Merseyside derby shows why the worst Premier League in years is also the best

The clash of Liverpool and Everton hinted at the levelling-out of quality

Liverpool’s Glen Johnson challenges Everton’s Ross Barkley during their English Premier League soccer match at Goodison Park. Photograph: Phil Noble/Reuters

Liverpool’s Glen Johnson challenges Everton’s Ross Barkley during their English Premier League soccer match at Goodison Park. Photograph: Phil Noble/Reuters


Saturday’s Merseyside derby was the signature game of the Premier League season so far: a thrilling, completely random match that could have gone either way. It was a reminder that in sport, there is little relation between entertainment and quality.

Most of the weekend’s matches were decided by embarrassing errors. Liverpool’s Joe Allen set the tone at Goodison, prodding a shot wide from 10 yards with Luis Suarez unmarked in the centre. Southampton’s Artur Boruc produced an even bigger blunder, dribbling like a politician in a charity match to give Olivier Giroud the opportunity to open the scoring for Arsenal.

Hugo Lloris has been Tottenham’s best player this year but he succumbed to the general mood within 15 seconds of kick-off, shanking a clearance to let Manchester City in for the first of their six goals. Wayne Rooney rounded things off by botching an attempted pass when one-on-one with the goalkeeper in injury-time at Cardiff.

The cumulative result of all these mistakes is a table in which the top nine teams are separated by eight points and it remains difficult even to nominate a favourite for the title. It’s the worst Premier League in years, and possibly also the best.

The general trend towards a levelling-out of quality has been especially pronounced on Merseyside. Is it a coincidence that the best derby of the past couple of decades happened in a season when Liverpool and Everton look evenly matched?

Wenger influence
The spectacle also owed something to Everton’s change in attitude under Roberto Martinez. Martinez is trying to emulate Arsene Wenger’s achievement in his early years at Arsenal by grafting an effective attacking unit on to the solid defence he inherited from his predecessor.

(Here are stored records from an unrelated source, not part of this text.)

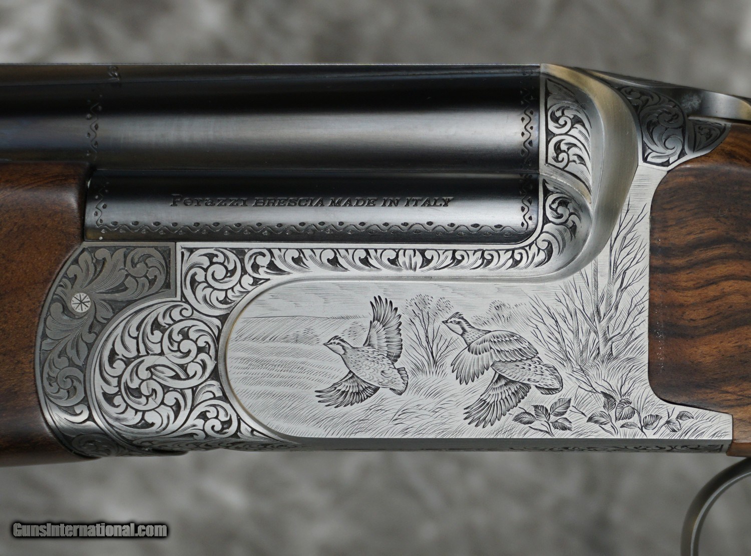 Description: New Perazzi MX12 SC3 Game 12GA SC3 Game 12GA with 29 1/2" fixed choke (.016/.024) barrels, steel proofed with 7x7 parallel game rib and solid side-ribs. Coin finished action featuring fully hand-engraved scrolls and game scenes by Giovanelli with pierced top-lever, gold inlaid quail on forearm; fixed coil spring selective trigger. Highly figured Purdey style pistol grip game stock with game forearm. Includes leather trimmed case, tools. Call 626-633-1002 for pricing. SOLD Shotgun Gauge: 12 Gauge |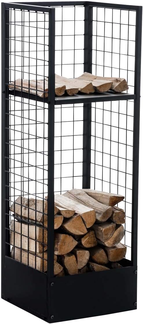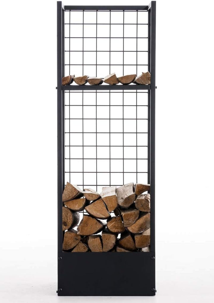 - Das Gestell ist aus schwarzem Metall gefertigt und sehr robust. Durch die schlichte Form und die neutrale Farbgebung lässt sich das Brennholzregal in nahezu alle Wohnräume integrieren.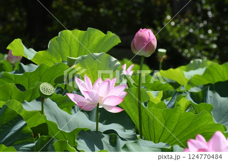 大賀蓮の花の開花と蕾と花びらが散った花托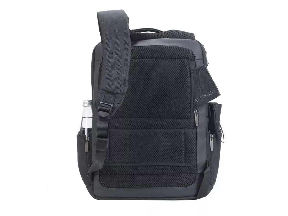 Рюкзак для ноутбука до 15.6. • Рюкзак для ноутбуков до 15.6. • Рюкзак выполнен из высококачественной искусственной кожи и полиэстера, имеет утолщенные стенки для лучшей защиты ноутбука от случайных ударов и царапин, а также от пыли и влаги. • Рюкзак имеет два отделения на молнии. Первое отделение имеет карман для планшета до 10.1 и документов. Во втором, органайзер для хранения аксессуаров, флэш-накопителей, смартфона и карман на молнии для бумажника, документов. • На верхней панели карман на молнии для смартфона, 7 планшета. • Металлическая, оригинальная фурнитура. • Удобная ручка для транспортировки. • Сетчатый материал задней стенки рюкзака обеспечивает циркуляцию воздуха для максимального комфорта вашей спины. • На задней стенке имеется ремень крепления к багажной сумке и скрытый карман на молнии для паспорта, бумажника. • Два боковых кармана на молнии для ёмкостей с водой или других мелочей. • Специальная система крепления ремешков на липучке. Внутренний/Внешний размер (мм): 290x400x40/ 310x440x120 Вес: 795 г. Материал: Полиэстер, искусственная кожа. Цвет: Черный.
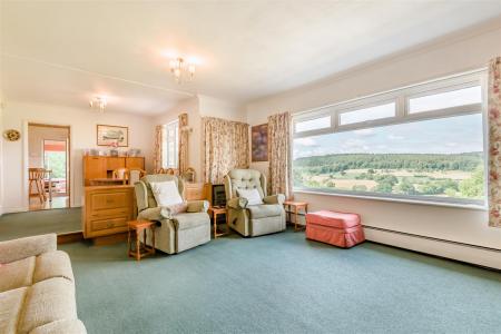 Lounge - 5.31m x 4.39m (17'5 x 14'5) - Exposed stone fireplace, two skirting radiators, TV point, front aspect picture window offering stunning elevated views through the valley. Glazed wooden door into: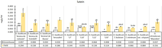 Lutein content in greenhouse and open-field basil plants; median ± median absolute deviation (mg/g Fresh Weight). Similar letters indicate that differences between variants are not significant (Dunn test).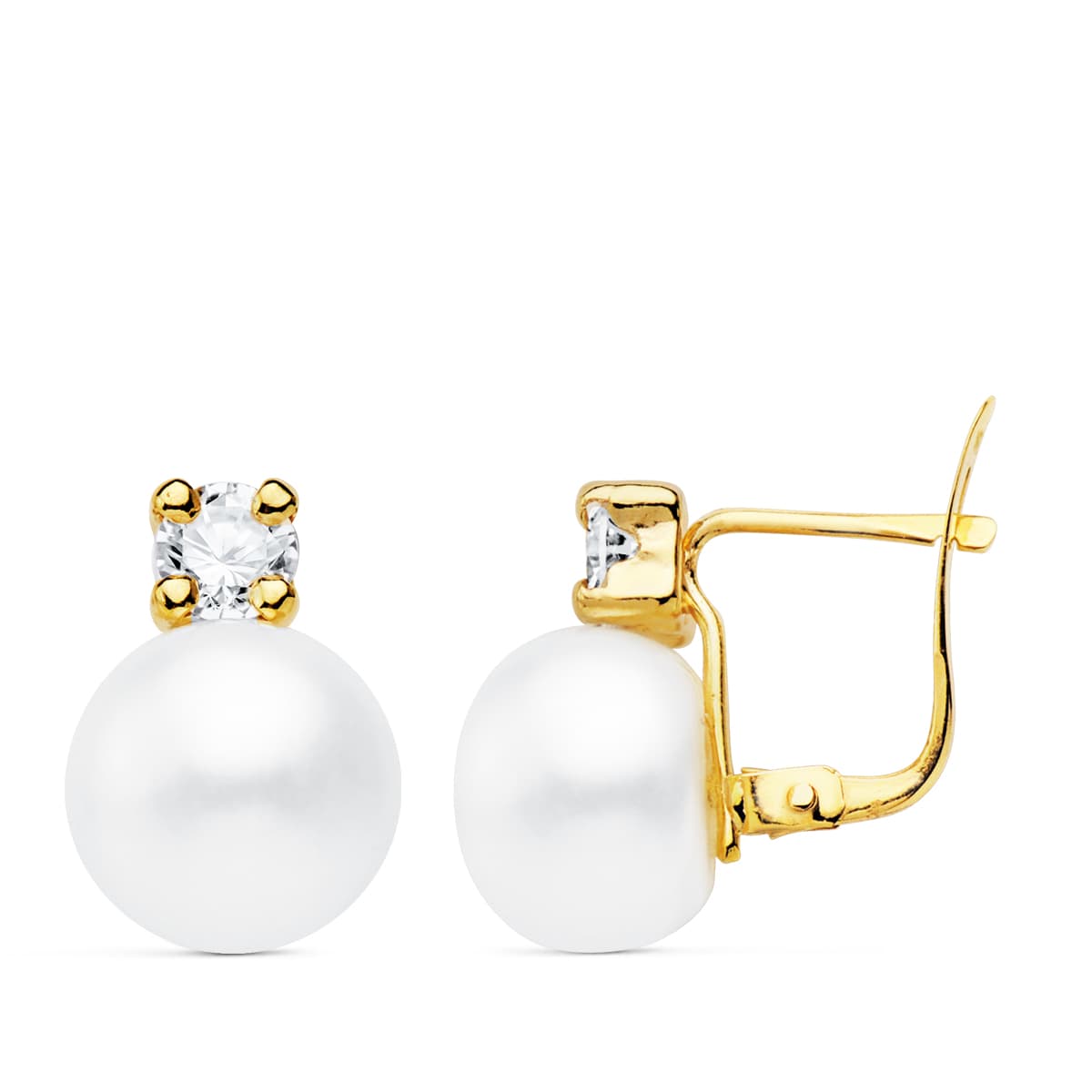 18K PENDIENTES ORO AMARILLO PERLA Y GARRAS 13X9 MM CIERRE CATALAN

Everton don’t have Arsenal’s capacity to attract and retain top players – several of their key players are on loan from bigger clubs – but the evidence of Martinez’ work so far suggests the next couple of years could be good for them.

On Saturday they went behind twice but were ceaselessly driven forward by the likes of Gerard Deulofeu, Seamus Coleman, and Ross Barkley, whose power and skill reminds you of a young Steven Gerrard. He has some of the same flaws as the young Gerrard – most obviously a tendency to play too much with his heart and not enough with his head.

Gerrard was looking on as Barkley powered forward, perhaps with a nagging sense of envy. With the exception of that goal for England against Poland in October, we haven’t seen many typically Gerrard moments lately. He may well have been the decisive player in more Merseyside derbies than anyone else, but on Saturday he could only influence the game from dead-ball situations. His deliveries from free-kicks and corners created two of Liverpool’s three goals, but maybe they wouldn’t have needed to score three had Gerrard not been bypassed in so much of the general play.

Gerrard is now the same age as Roy Keane was during his last full season at Manchester United. We know now that by that time, Alex Ferguson had already decided that his captain was past his best. Ferguson’s rule was that he got rid of anybody who threatened to become bigger than the manager.

Brendan Rodgers showed with his “envelopes” stunt last year that he is a keen student of the Ferguson playbook. It’s awkward for Rodgers to implement Ferguson’s “bigger- than-me” rule, however, because Gerrard was already bigger than him when he arrived at the club.

‘Death by football’
The Northern Irishman came to Liverpool preaching “death by football” – a style of play that would pass, move and press opponents off the park. It wasn’t original but it was progressive – the school of Barcelona, Ballymena branch.

Eighteen months later, Rodgers has built a team that looks more like a Serie A side of the 1990s – an essentially defensive outfit whose attacking threat is based on the individual creativity of a pair of skilful strikers. It couldn’t be much further from the Barcelona blueprint that was originally envisaged.

This system has worked because it accommodates both Sturridge and Suarez without sacrificing numerical advantage in central midfield. It has also accommodated the individualistic skills of Gerrard, whose job is to hit the strikers with killer passes.

The dilemma for Liverpool is that a gameplan built around the peculiar skills of Suarez and Gerrard might not have much of a future. Everton, even though they don’t even own some of their key players, seem to have a sharper sense of their own identity on the field. At full-time on Saturday Rodgers looked the happier of the two managers, but Everton supporters are more likely to have gone home thinking their manager knows what kind of team he is trying to build.